Task prompt: Beginning at the first line of the material, output each line exactly until you reach and include the line containing "Tweede verdieping: Vaste". Leave every picture out.

Recorded information:
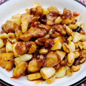 大火收汁,待还有少许料汁的时候加入葱段,翻炒一下(此处能颠勺最好)继续收汁,(注意:葱段放太早就会煮烂,太晚又会辛辣不入味),汤汁都收到差不多了加入麻辣花生快速翻炒,关火出锅。
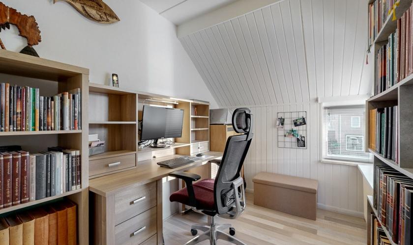 Tweede verdieping: Vaste trap naar de zolder waar nog eens twee extra slaapkamers zijn gerealiseerd, ideaal als tienerkamers of hobbyruimte.
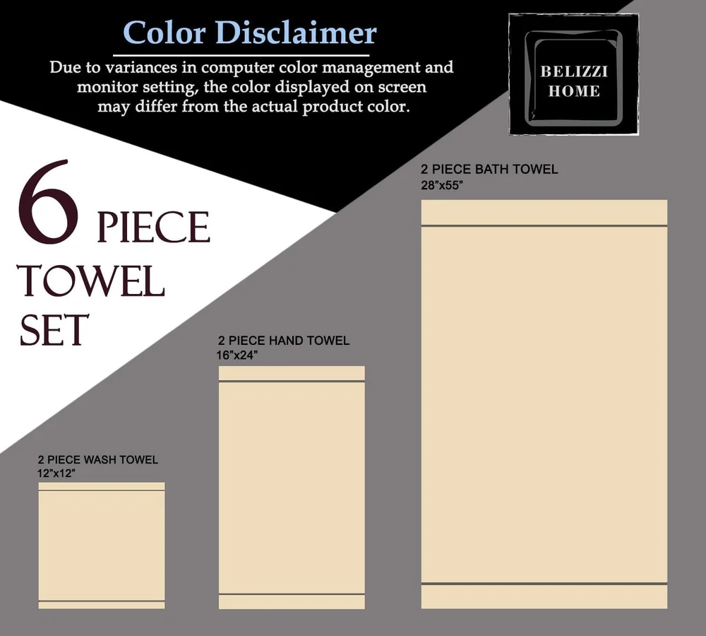 Belizzi Home Ultra Soft 6 Pack Cotton Towel Set, 12" x 12", Turquoise Blue Product Details Color: Turquoise Blue Brand: Belizzi Home Towel form type: Bath Towel Material: Cotton Product Dimensions: 55"L x 28"W Number of Items: 6 Style: Durability Pattern: Solid Special Feature: Durability,Lightweight Theme: No Theme Product Care Instructions: Machine Wash, Tumble Dry Shape: Rectangular Size: 12" x 12" Unit Count: 1 Count Fabric Type: 100% Natural Cotton Age Range (Description): Adult Manufacturer: Elvana Home Item Weight: 1.98 pounds Item model number: 70138 Is Discontinued By Manufacturer: No Each set contains 2 oversized bath towels 28x55 inches, 2 hand towels 16x24 inches & 2 wash cloths 12x12 inches 100% Pure cotton for softness, absorbency & durability - Outdoor Lightweight Quick Dry Towel Set Complimented set for daily use, hotel & spa, quick drying & multipurpose usage 100% Natural materials & free from harmful chemicals / materials - safe for you & your family Machine washable & dryable, wash in cold water, tumble dry low - wash separately before first use

Solution to this problem:
 大火收汁,待还有少许料汁的时候加入葱段,翻炒一下(此处能颠勺最好)继续收汁,(注意:葱段放太早就会煮烂,太晚又会辛辣不入味),汤汁都收到差不多了加入麻辣花生快速翻炒,关火出锅。
 Tweede verdieping: Vaste trap naar de zolder waar nog eens twee extra slaapkamers zijn gerealiseerd, ideaal als tienerkamers of hobbyruimte.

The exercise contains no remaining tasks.